## Work item:
The response consists of the lines from the start of the material below through the line holding "前面忘说了,这个版本爆率太低", repeated word for word and without pictures.

## Dataset extract:
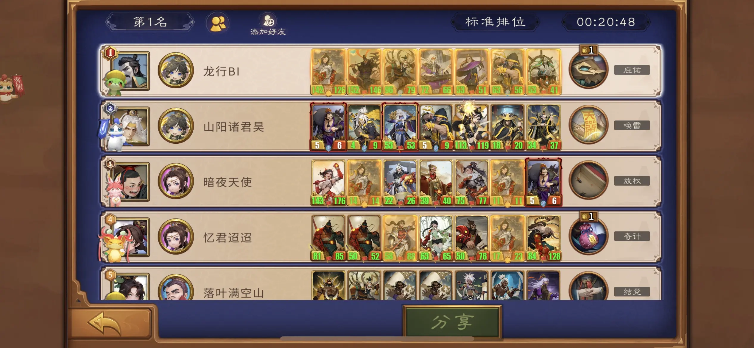 推荐阵容:关羽+陆逊+驯蛇师+程昱+侍郎+司马徽
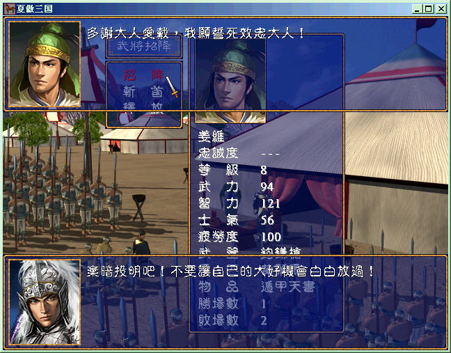 前面忘说了,这个版本爆率太低,我是一把剑都没爆出来!此外武将计学习条件智力要求太高,只能由文官或者姜维、邓艾来学习,这个建议朝大改改!
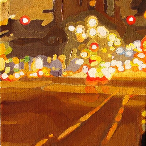 Three dozen or so five-inch square canvases that appear to be painted from blurry photosdoesnt sound very promising, does it? But in its deft way, Kate Protages XS is better than almost anything else in Pioneer Square right now (also kicking major ass are Jeffry Mitchell with his wild pots at James Harris and Doug Parry with his vignettes of clown-dads ‘n nooses at Marni Muir). Most other shows have responded to the crisis of a shrinking market by cycling through the usual exhausted tropes even more frantically. There are taxonomic displays, campy appropriations of vintage illustration, and indie cutesiness. Galleries like Grover Thurston that have always unabashedly targeted upscale living rooms are now approaching Restoration Hardware-levels of harmless charm. XS (extra small or excess?) is by contrast sober, agile, and alert. The magic of the paintings (entirely lost in reproduction, sorry) is in how a few sharp-edged blobs of paint can so economically transmit an atmosphere of nocturnal mystery, and so precisely indicate the side of a bus, a haze of light from a storefront, or a couple standing in the shadows. The artists sharp watchfulness also seems to be finely tuned to the current market. At $125 a painting, the show is a near sellout. DAVID STOESZ

## Reply to the exercise:
 推荐阵容:关羽+陆逊+驯蛇师+程昱+侍郎+司马徽
 前面忘说了,这个版本爆率太低,我是一把剑都没爆出来!此外武将计学习条件智力要求太高,只能由文官或者姜维、邓艾来学习,这个建议朝大改改!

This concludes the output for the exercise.